Al salir mi madre, mi padre volvió a hablar con Gion:
-Gion, te he preguntado dónde la has conocido.
-En un sitio que yo me sé -contestó Gion siempre con la cabeza gacha-. Me gusta y me voy a casar con ella.
Gion hablaba con voz dura: era todo un cabezota. Iba a casarse con ella aun a costa de no volver a poner los pies en casa y de tener que trabajar de jornalero.
La chica estaba temblando en el rincón y su cara blanca por los polvos parecía la de un muerto.
-Voy a casarme con ella -repitió Gion, testarudo, mirando y desmigajando el pan.
-Te compraré la trilladora -dijo mi padre.
Gion dijo que no con la cabeza.
-Con todos los accesorios y hasta la deshojadora para el maíz.
Gion apoyó los codos encima de la mesa y se agarró la cabeza entre las manos.
-Que alguien enganche el caballo y vuelva a llevar la muchacha a la ciudad -ordenó en voz alta mi padre, sin que Gion se moviera.

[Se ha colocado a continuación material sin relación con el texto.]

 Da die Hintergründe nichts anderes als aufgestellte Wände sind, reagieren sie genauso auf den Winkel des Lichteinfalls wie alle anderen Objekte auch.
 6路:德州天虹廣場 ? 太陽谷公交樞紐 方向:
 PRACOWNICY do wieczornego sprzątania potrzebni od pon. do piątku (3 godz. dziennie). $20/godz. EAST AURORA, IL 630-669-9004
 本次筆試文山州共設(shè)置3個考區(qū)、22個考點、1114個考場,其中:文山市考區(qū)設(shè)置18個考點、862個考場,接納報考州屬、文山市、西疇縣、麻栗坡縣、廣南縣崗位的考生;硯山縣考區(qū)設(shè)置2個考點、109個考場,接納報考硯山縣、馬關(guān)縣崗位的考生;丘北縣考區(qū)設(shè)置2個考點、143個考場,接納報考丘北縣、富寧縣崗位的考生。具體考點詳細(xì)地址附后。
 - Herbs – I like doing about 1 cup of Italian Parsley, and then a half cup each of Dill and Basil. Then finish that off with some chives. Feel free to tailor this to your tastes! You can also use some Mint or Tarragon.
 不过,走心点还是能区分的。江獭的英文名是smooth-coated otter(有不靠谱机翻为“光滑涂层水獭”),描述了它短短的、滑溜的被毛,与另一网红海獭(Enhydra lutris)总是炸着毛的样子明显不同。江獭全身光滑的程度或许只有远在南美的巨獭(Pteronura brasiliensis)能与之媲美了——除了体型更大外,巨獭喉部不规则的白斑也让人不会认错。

-Ya voy yo -dijo Felice, levantándose y dirigiéndose a la puerta.
La chica se levantó y lo siguió a toda prisa.
-Perdonen –balbuceó.
Mi padre le alargó un billete de quinientas.
La chica se marchó desconcertada, con el billete en la mano. Cuando se oyó el resonar de los cascos del caballo en el camino, Gion se levantó y corrió afuera, pero el carro ya se había alejado.

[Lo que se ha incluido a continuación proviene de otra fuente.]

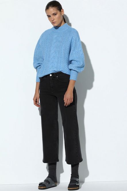 El punto de ochos es todo un clásico, y cuando nuestras abuelas nos calcetaban chaqutas infantiles de ochos, no sabían que en el invierno 2020-2021 iba a ser lo más en los jerséis de punto. Nos encantan porque además de tener ese toque de nostalgia, son prendas que abrigan mucho y son muy gustosas para el invierno. Este modelo de la marca Fórmula Joven, de El Corte Inglés, además del diseño clásico que hemos comentado, tiene el detalle de unas mangas abullonadas, que hacen que el jersey sea mucho más especial. El cuello es de estilo perkins, ideal para el frío. Está disponible color azul y en beige, y está fabricado con un 65% de acrílico y 35% poliéster. El precio durante estas rebajas es de 19,99€.
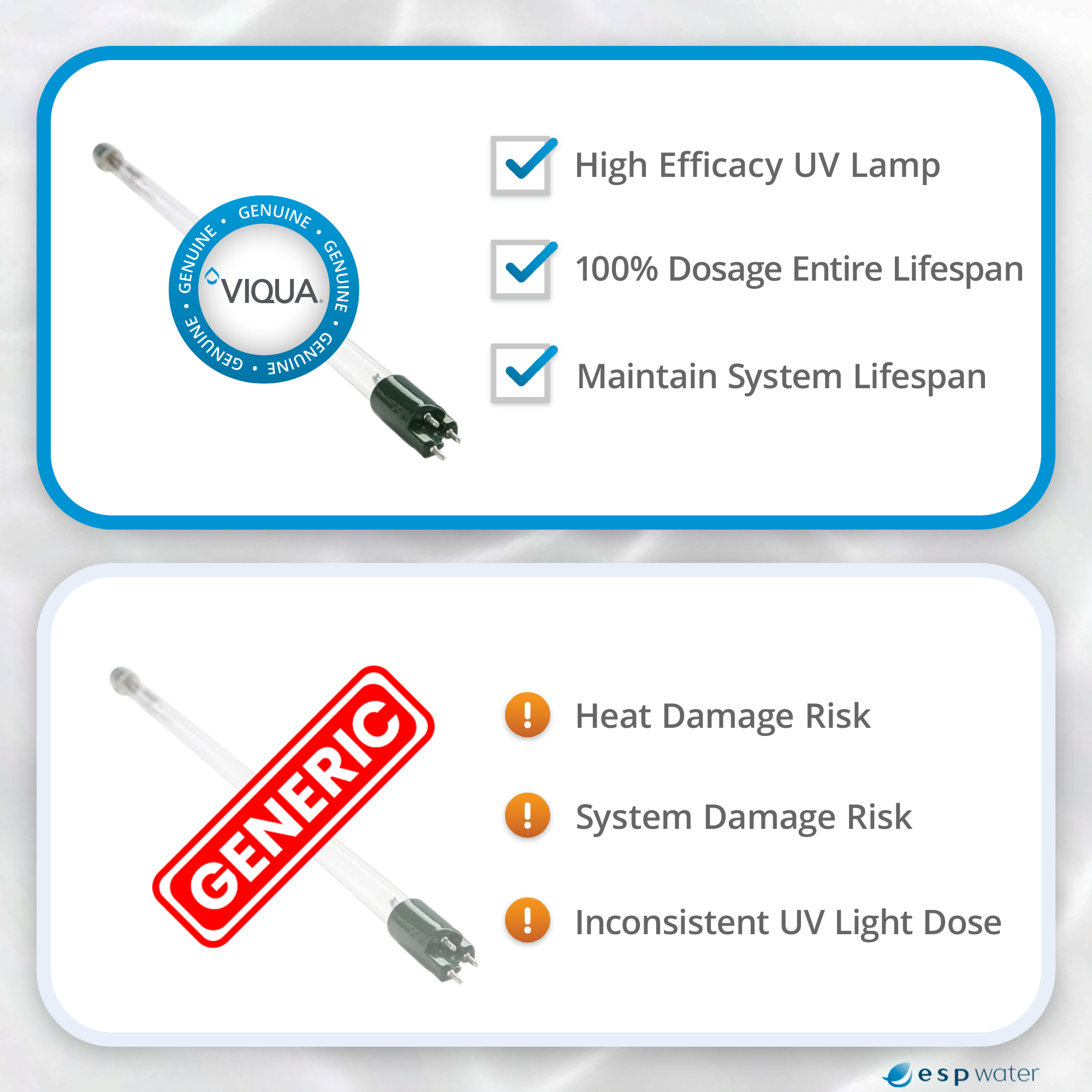 Why using a genuine VIQUA lamp is important: VIQUA UV systems and lamps are tested and certified as a complete unit. Using an authentic VIQUA lamp ensures proper system performance and water treatment. This video explains the 5 risks of non-VIQUA aftermarket lamps and how to identify authentic VIQUA lamps.

Felice no regresó por la noche. Ni tampoco al día siguiente, ni nunca. Sin embargo volvieron el caballo y la calesa: Felice se los entregó a un vecino que fue a la ciudad.

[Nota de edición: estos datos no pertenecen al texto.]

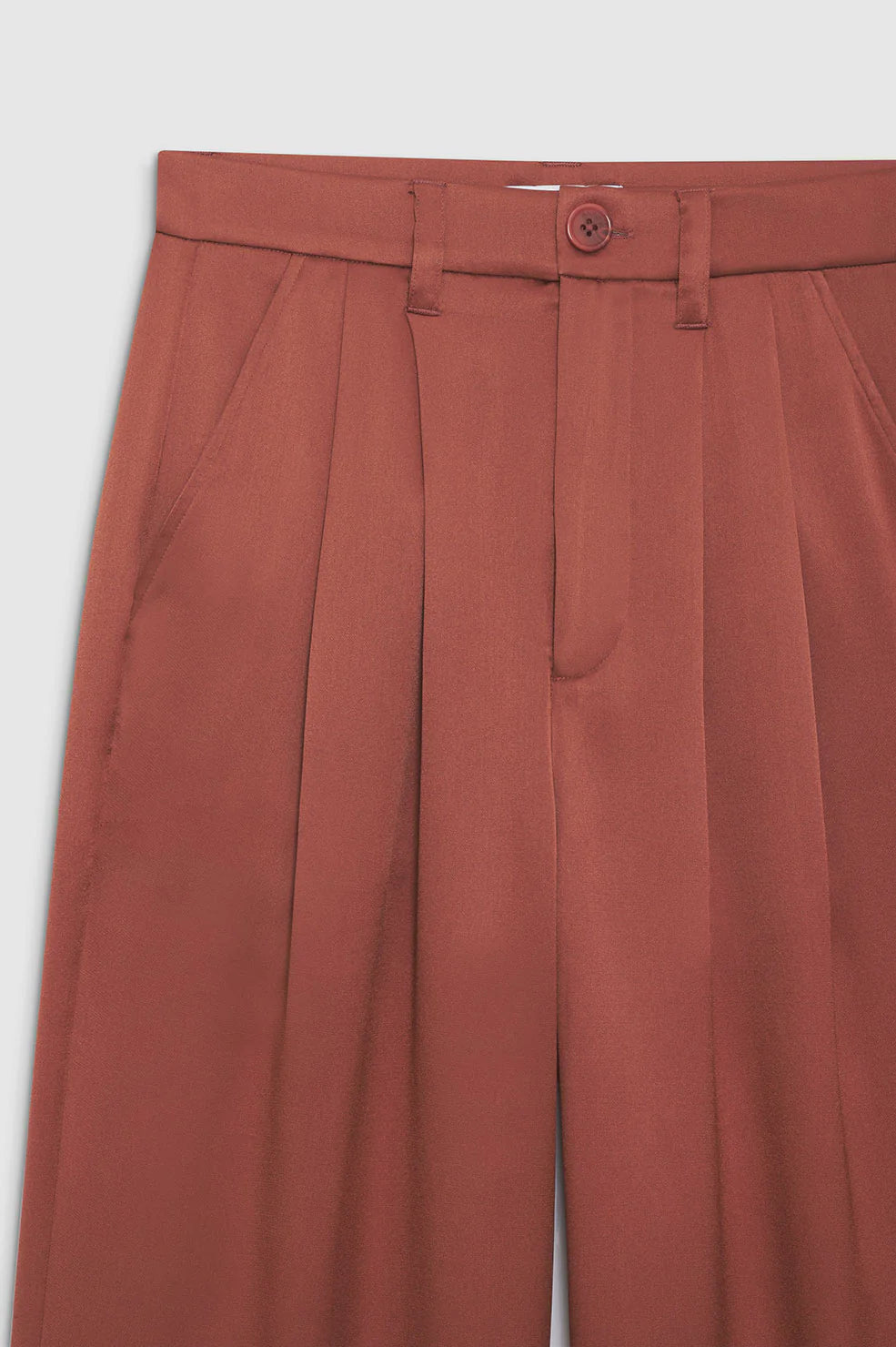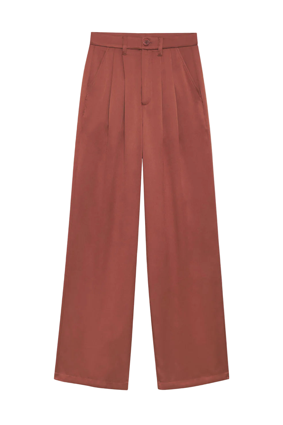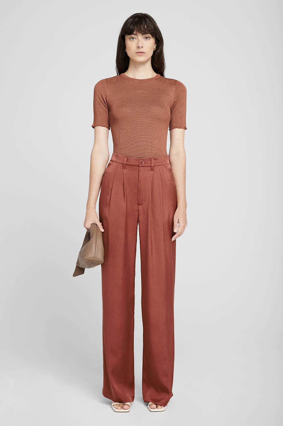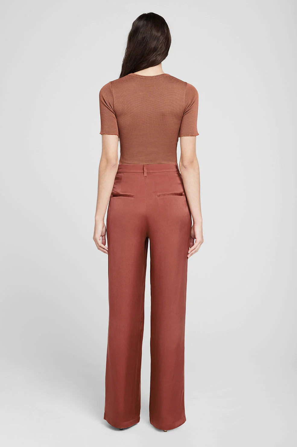 The best-selling Carrie Pant updated in terracotta 25 mm double-faced silk charmeuse. This wide-leg, full-length trouser features double-pleated front detailing, five functional belt loops, two back welt pockets, slanted front pockets, and a single button zip-front closure.
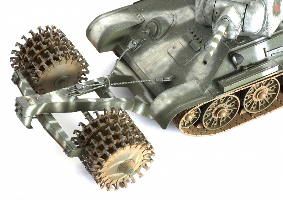 Историческая справка: Борьба с минными заграждениями стала одной из главных проблем при ведении наступления частями Красной Армии. Для этих целей и был разработан минный трал, он устанавливался на танки Т-34 всех модификаций и самоходки на базе “тридцатьчетверок”. Он представлял собой два вала, установленные на вынесенной впереди танка платформе, которая крепилась к броне снизу под местом механика водителя.
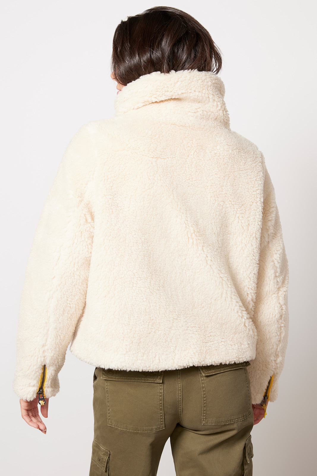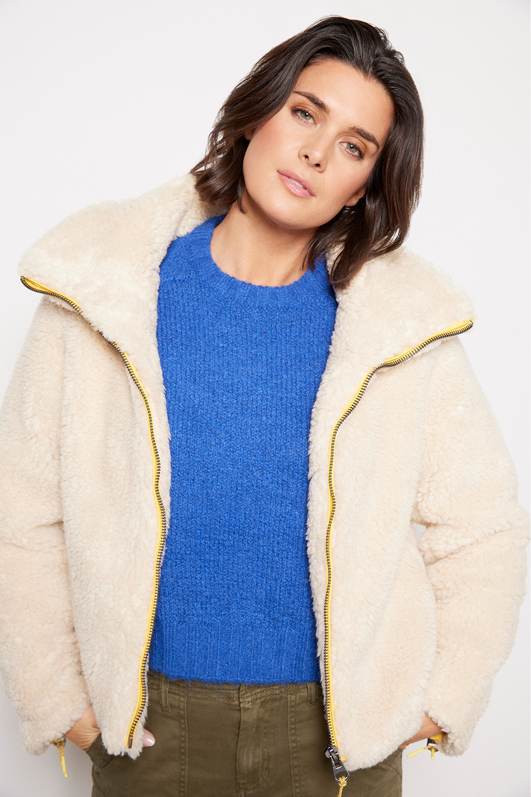 The ultimate cozy-chic layer, this zip-up jacket by Apparis is crafted in plush faux shearling and features a relaxed silhouette with a stand collar, multicolor print lining, and zippered cuffs. You'll be wearing it all season long with tees, turtlenecks, and sweaters.
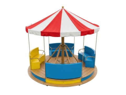 Isolated carousel merry-go-round colorful empty benches for children playground activity

-Ha dicho Felice que se ha establecido allí -explicó el hombre-. Estaba con una chica rubia guapa, muy pintada.
Gion tuvo su tractor con la trilladora, la empaquetadora, la máquina de deshojar y todo lo demás. El tractor era un Lanz de ciento veinte caballos, con la caldera verde rodeada de brillante latón. Cuando pasaba por delante de las casas, estas temblaban.
Aquel invierno Gion conoció a una hermosa moza que vivía en Ghianda Morta.
Y Gion, cada sábado se afeitaba, se ponía el traje nuevo, y, al atardecer, se montaba en su tractor de ciento veinte caballos y partía hacia Ghianda Morta.
Cuando llegaba delante de la casa de la chica, tiraba de la cuerdecita y el tractor soltaba un chorro de vapor blanco y silbaba.